Each pair of blue lines in the code creates two parsers for comparison, and the
following pair of red lines (comments inserted into the code after it was run)
show the result of using those parser-rules. The choice() method
supports Choice nodes, while the sequence() method supports
Sequence nodes.
import scala.util.parsing.combinator.RegexParsers
import vll.core.Aggregates
object AggregatesDemo extends RegexParsers with Aggregates {
def main(args: Array[String]) {
def alt = "hello" | "world" | "\\d+".r
def alt2 = choice("hello", "world", "\\d+".r)
println("alt: " + parseAll(alt*, "hello world 2011"))
println("alt2: " + parseAll(alt2*, "hello world 2011"))
// alt: [1.17] parsed: List(hello, world, 2011)
// alt2: [1.17] parsed: List((0,hello), (1,world), (2,2011))
def seq = "hello" ~ "world" ~ "\\d+".r
def seq2 = sequence(Triple("hello", false, false), Triple("world", false, false), Triple("\\d+".r, false, false))
println("seq: " + parseAll(seq, "hello world 2011"))
parseAll(seq2, "hello world 2011").get match {
case a: Array[_] => println(a.mkString("seq2: Array(", ", ", ")"))
}
// seq: [1.17] parsed: ((hello~world)~2011)
// seq2: Array(hello, world, 2011)
def seq3 = "hello" ~> "world" ~> "\\d+".r
def seq4 = sequence(Triple("hello", true, false), Triple("world", true, false), Triple("\\d+".r, false, false))
println("seq3: " + parseAll(seq3, "hello world 2011"))
parseAll(seq4, "hello world 2011").get match {
case a: Array[String] => println(a.mkString("seq4: Array(", ", ", ")"))
case x => println("seq4: " + x)
}
// seq3: [1.17] parsed: 2011
// seq4: 2011
}
}
The choice() method takes an arbitrary number of child
Parsers
as arguments.

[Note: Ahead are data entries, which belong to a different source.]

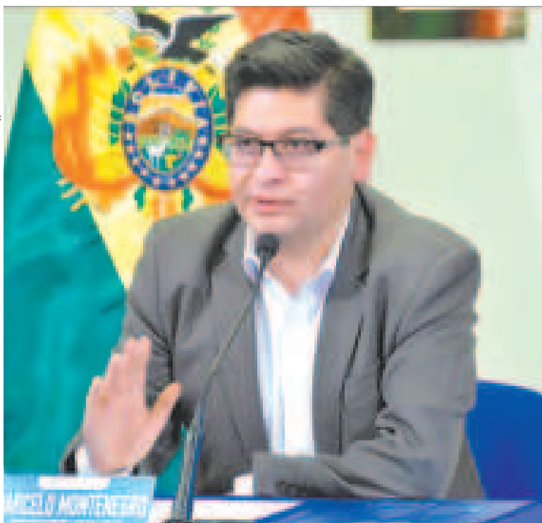
El ministro de Economía y Finanzas Públicas, Marcelo Montenegro.
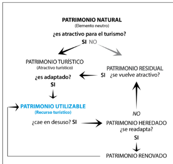
Gráfico 3 TEORÍA DE LA RENOVACIÓN DEL PATRIMONIO TURÍSTICO
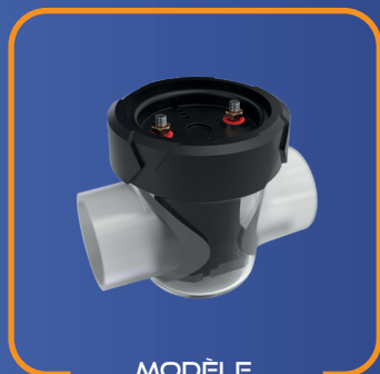
MODÈLE SG 15
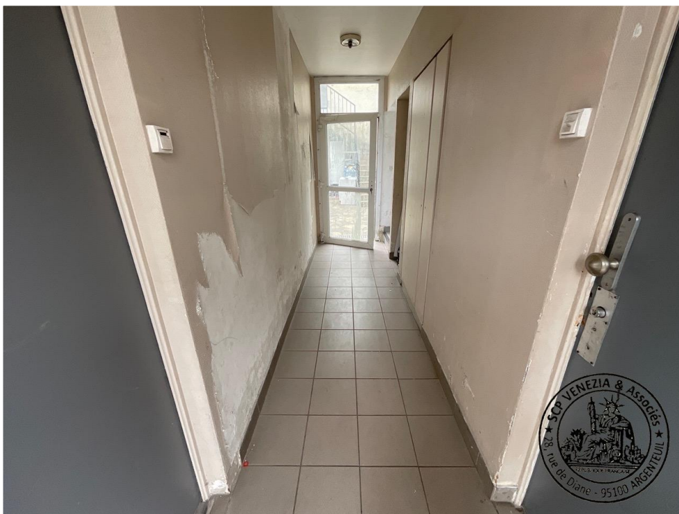
11. Couloir de l'entrée
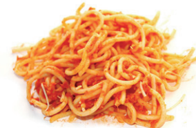
Sukaldatutako janaria (pasta, arroz, ...) / Comida cocinada (pasta, arroz...)
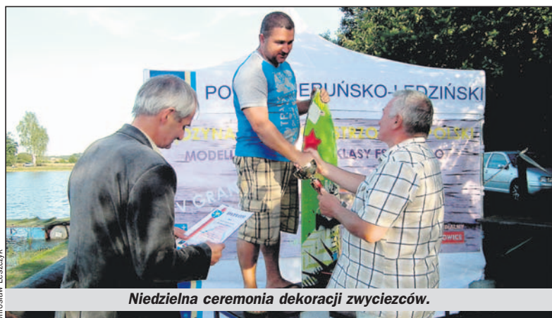
Niedzielną ceremonią dekoracji zwycięzców.
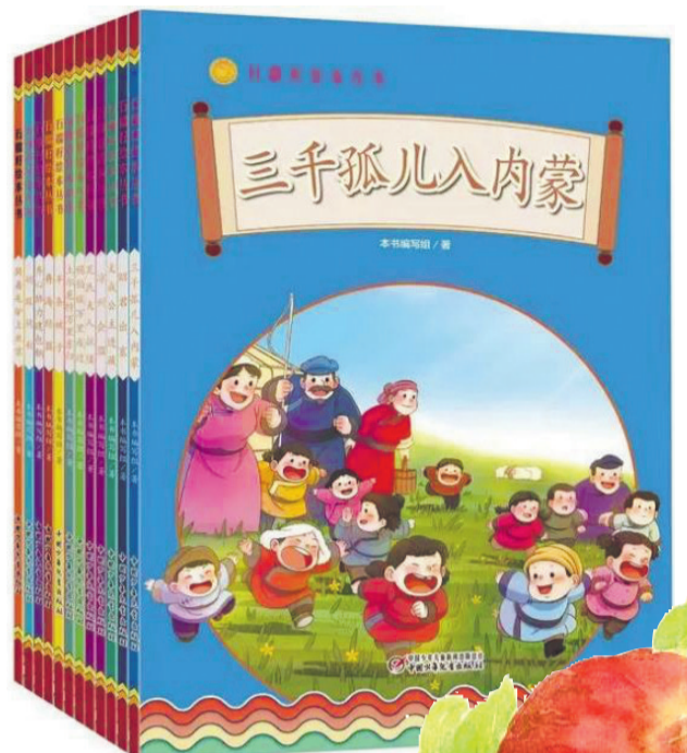
“石榴籽绘本丛书”,内蒙古自治区党委宣传部、自治区文联组织编写,中国少年儿童出版社,2022年9月

各民族为了维护祖国的统一、保卫领土的主权,同心同德、尽心尽力。公元13世纪中期,元太宗窝阔台命王子阔端驻守凉城,阔端邀请西藏萨迦派大学者萨班来凉州会谈。《凉州会谈》写了这一段历史,他们就西藏归属蒙古汗国达成了共识。到了公元16世纪,明朝嘉靖年间,倭寇猖獗,骚扰沿海。从小习武、

The sequence() method too, accepts an arbitrary number
of child
Parsers,
but in this case each child Parser has to be accompanied with two boolean
flags indicating the status of the drop and commit
annotations respectively.
This class extends vll.core.SimpleLexingRegexParsers, and adds
all needed finishing touches to the parser framework.

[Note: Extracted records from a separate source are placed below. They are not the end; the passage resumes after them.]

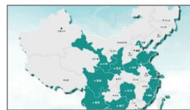
真正实现全国连锁品牌
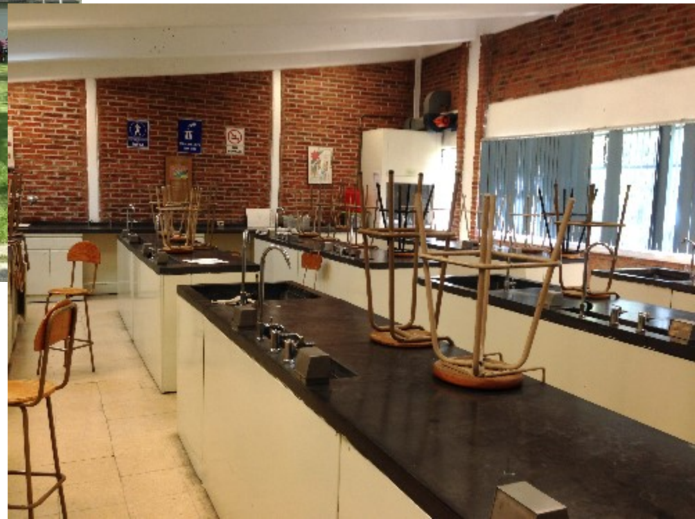
→実験室の様子 設備は日本の方が充実しているようです。
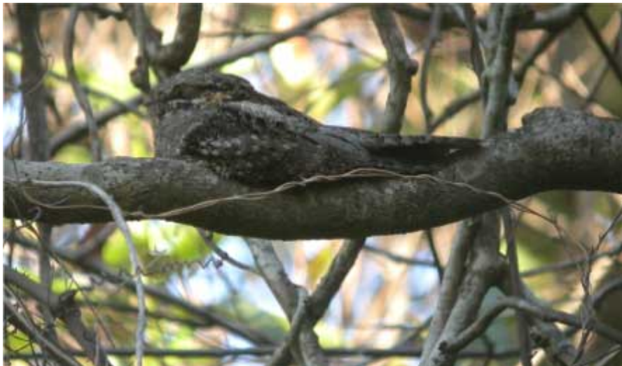
Grey Nightjar Baga Hill

Et mindre højdedrag lige nord for Baga, nederst bevokset med kratkov, øverst åbent plateau. Vi besøgte det 3 eftermiddage. Indisk Påfugl er almindelig, vi så også et par vagtler, som vi bestemte til Rain Qual. En taxachauffør – Victor – viste os en Grey Nightjar som havde en fast dagrasteplads på en gren.
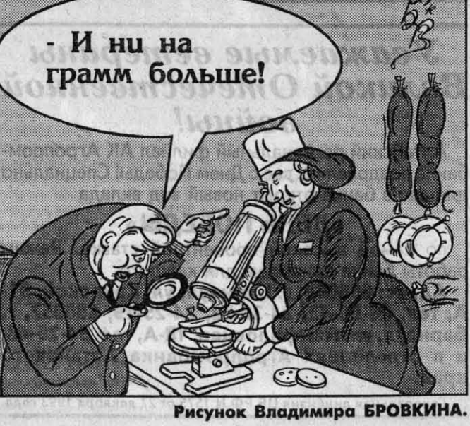
Рисунок Владимира БРОВКИНА.

если есть минимум, будет и максимум. Если не у тебя, так у кого-то... Помни: человек - существо общественное. Мало раз в месяц посещать баню с дешевым мылом или отдавать свой голос, выбирая меньшее... Надо лично общаться с себе подобными. Почему бы не пригласить соседя, отдавая предпочтение тому, кто не курит, не пьет и принципиально не ходит в гости? Счастлив тот, кто доволен собой, женой и прожиточным минимумом. Кто не облизывается на прошлое, как на сметану. Ну, что там интересного? Приди-ка в ту пору в магазин, попроси колбасы на тысячу? Моментально из толпы нарисуются два мужика стертой наружности и спросят: - Откуда такие деньги? - И молчок. А скажут, так не со зла: - Господи, и откуда такой идиот взялся? Как говорится в одном рекламном ролике, сравните - и вы почувствуете разницу. Виктор ТИТОВ.
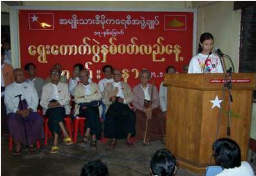
ရွှေဝိုင်း အဖွဲ့ချုပ်ရုံးတွင်ကျင်းပသော (၁၇) နှစ်မြောက် ရွေးကောက်ပွဲနှစ်ပတ်လည်နေ့အခမ်းအနား

၁၉၉၀ ပြည်ရွေးကောက်ပွဲတွင် (၁၂) ရာခိုင်နှုန်းကျော် အနိုင်ရခဲ့သည့် အမျိုးသား ဒီမိုကရေစီအဖွဲ့ချုပ်မှ မေလ (၂၇) ရက်နေ့က ရွေးကောက်ပွဲနှစ်ပတ်လည် အခမ်းအနားတွင် ထုတ်ပြန်ကြေညာချက်၌ ပါတီဝင်တို့က ရေစံ အထွေထွေရွေးကောက်ပွဲကော်မရှင်အား ပြည်သူ့လွှတ်တော် ခေါ်ယူဖွဲ့စည်းပေးနိုင်ရန် သီးသန့်အစီရင်ခံစာကို လူ့သိခွင့်ကြား အမြန်ဆုံးထုတ်ပြန်ပေးရန်နှင့် နအဖကိုလည်း ပြည်သူ့လွှတ်တော်ကို အမြန်ဆုံးခေါ်ယူပေးရန် တောင်းဆိုလိုက်သည်။
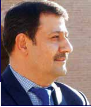
فهرهنگ غه فور
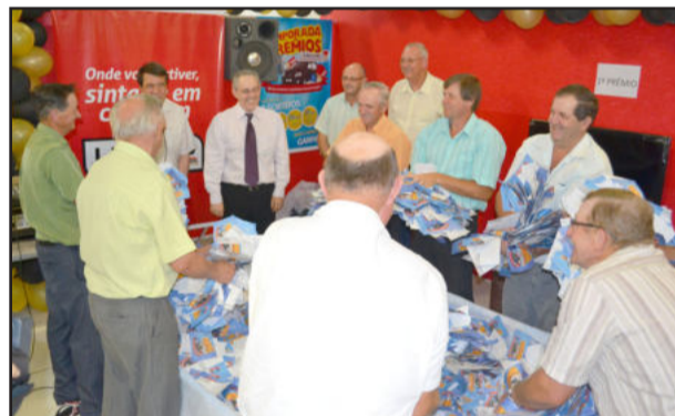
Sorteio foi realizado no Supermercado Languiru do Bairro Canabarro

O terceiro e último sorteio da Temporada de Prêmios Languiru 2011 será no dia 29 de dezembro, no Supermercado Languiru do Bairro Languiru. Serão seis prêmios, entre os quais um automóvel Fiat Novo Uno zero quilômetro, modelo 2012.
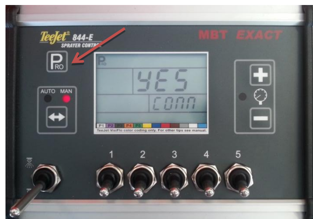
Figuur 4: Activeren communicatie poort

Druk zo meerdere keren op “PRO” totdat er rechtsonder in het scherm “CONN” komt te staan (Figuur 4). Druk vervolgens op de “+” om “NO” in “YES” te veranderen.
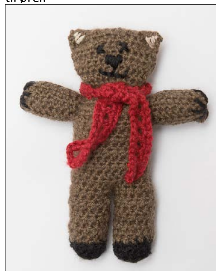
Broder øyne, snute, munn og inni ørene. Broder lange sting på hver hånd til klør.
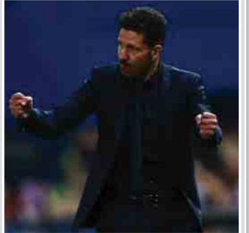
တိုက်စစ်မှူး စီရိုနယ်လ်ဒို၏ သွင်းဂိုး သုံးဂိုး ကို ခွင့်ပြုပေးခဲ့ရသောကြောင့် အကြိုဗိုလ်လုပွဲ အဆင့်ဖြင့်ပင် ကျေနပ်ရနိုင်ဖွယ်ရှိနေသော် လည်း ဒုတိယအကျော့တွင်မဖြစ်နိုင်သည်ကို ဖြစ်အောင်လုပ်ပြနိုင်မည်ဟု ဆီမြွန်နီက ယုံကြည်နေခြင်း ဖြစ်သည်။

အက်သလက်တီကို နည်းပြ ဒီယေဂိုဆီမြွန်နီက ရီးယဲလ်မက်ဒရစ်ကို ချန်ပီယံလိဂ်ပြိုင်ပွဲ ပထမအကျော့တွင် သုံးဂိုးပြတ်ဖြင့်အရေးနိမ့် ခဲ့သော်လည်း အက်သလက်တီကိုအတွက် မဖြစ်နိုင်ဘူးဆိုတာ ဘာမှမရှိသောကြောင့် ရီးယဲလ်ကို ဒုတိယအကျော့ ရင်ဆိုင်ရန် အသင့်ရှိနေပြီဟု ပြောကြားခဲ့သည်။ ဆီမြွန်နီ က ရီးယဲလ်မှာ ပြိုင်ဘက်ကောင်းဖြစ်သော် လည်း အက်သလက်တီကိုမှာလည်း အခြား အသင်းနှင့်မတူသည့် စိတ်ဓာတ်ရှိသဖြင့် ဘာမဆိုဖြစ်နိုင်ဆဲအနေအထားဟု ရီးယဲလ် နှင့် ပွဲမတိုင်မီ စိန်ခေါ်စကားဆိုခဲ့သည်။ အက်သလက်တီကိုမှာ ယခုနှစ်တွင် လာလီဂါ ချန်ပီယံဖြစ်နိုင်တော့သော်လည်း ချန်ပီယံလိဂ်အကြိုဗိုလ်လုပွဲအဆင့်အထိ ရောက်ရှိနေသည်။ ပထမအကျော့တွင် ရီးယဲလ်
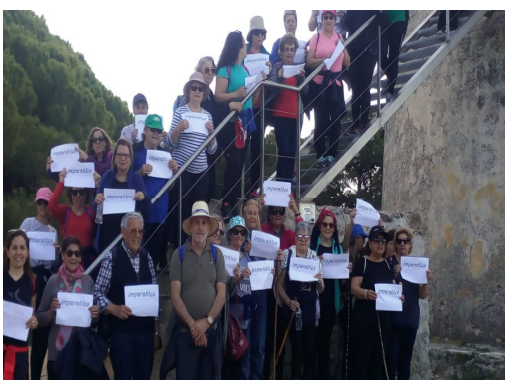
Concentración en El Torno.

VisualLangLab provides a trace annotation
(see Editing the Grammar Tree) that
allows you to conveniently enable tracing of any parser-rule or part of a
parser-rule. The output generated by this facility is properly indented
to indicate nesting of traced levels, and is more helpful than the log() method in
Parsers.
The trace annotation on any grammar-tree node is toggled by using the grammar-tree's pop-up context menu.
VisualLangLab gives every grammar-tree node a unique name based on the name of the parser-rule and the node's position in the tree (see Figure-2 below). The names are used for identifying nodes in error reports or trace logs. To reduce clutter The GUI does not normally display node names, but they can be made visible by selecting View -> Full names from the main menu.

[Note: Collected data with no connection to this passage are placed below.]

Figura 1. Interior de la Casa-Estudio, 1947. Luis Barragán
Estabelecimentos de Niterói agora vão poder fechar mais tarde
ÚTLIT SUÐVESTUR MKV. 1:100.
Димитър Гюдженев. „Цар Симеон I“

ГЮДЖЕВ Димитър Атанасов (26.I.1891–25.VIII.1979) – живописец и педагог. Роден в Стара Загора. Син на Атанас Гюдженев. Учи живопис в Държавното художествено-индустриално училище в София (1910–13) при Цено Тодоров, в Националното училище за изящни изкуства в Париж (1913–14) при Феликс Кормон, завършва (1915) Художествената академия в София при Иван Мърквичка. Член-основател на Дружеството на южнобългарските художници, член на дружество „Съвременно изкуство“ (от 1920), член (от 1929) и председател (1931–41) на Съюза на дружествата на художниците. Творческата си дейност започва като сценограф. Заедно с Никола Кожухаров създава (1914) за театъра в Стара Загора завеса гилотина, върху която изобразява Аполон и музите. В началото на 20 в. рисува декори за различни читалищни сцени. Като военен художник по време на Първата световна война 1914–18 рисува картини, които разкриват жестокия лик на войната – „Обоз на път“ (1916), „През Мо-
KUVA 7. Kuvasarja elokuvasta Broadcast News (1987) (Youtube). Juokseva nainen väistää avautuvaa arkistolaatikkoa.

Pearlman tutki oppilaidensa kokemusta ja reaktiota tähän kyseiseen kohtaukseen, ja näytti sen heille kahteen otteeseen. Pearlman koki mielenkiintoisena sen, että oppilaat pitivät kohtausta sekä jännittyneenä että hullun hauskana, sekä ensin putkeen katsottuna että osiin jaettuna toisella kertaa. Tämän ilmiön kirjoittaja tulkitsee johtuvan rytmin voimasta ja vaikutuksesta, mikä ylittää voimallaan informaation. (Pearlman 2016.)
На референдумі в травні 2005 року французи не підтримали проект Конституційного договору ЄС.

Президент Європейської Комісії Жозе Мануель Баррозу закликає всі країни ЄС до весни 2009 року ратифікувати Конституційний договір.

Figure-2. Node names in a grammar-tree
The GUI checks all parser-rules for certain types of errors,
and will flag offending grammar-tree nodes by overlaying them with the error mark
(
).
The tool-tip text of the node is altered to indicate the source of the problem.
The following types of error are detected:
Using parser-rules that can match the empty string can lead to difficult-to-fix problems. Redesign your grammar to use multiplicity in a suitable way and avoid the need for such parser-rules.
Sequence and Choice nodes must have at least two child nodes. Sequence nodes must also have at least one child node that contributes to the AST (not all child nodes may be dropped, or have multiplicities of 0 (not) or = (guard)). RepSep nodes must have exactly two child nodes. Root nodes must have one child node. Nodes that violate those requirements will be flagged.
Action code associated with any grammar-tree node (see AST and Action Code) is checked for correct syntax, and any errors are flagged.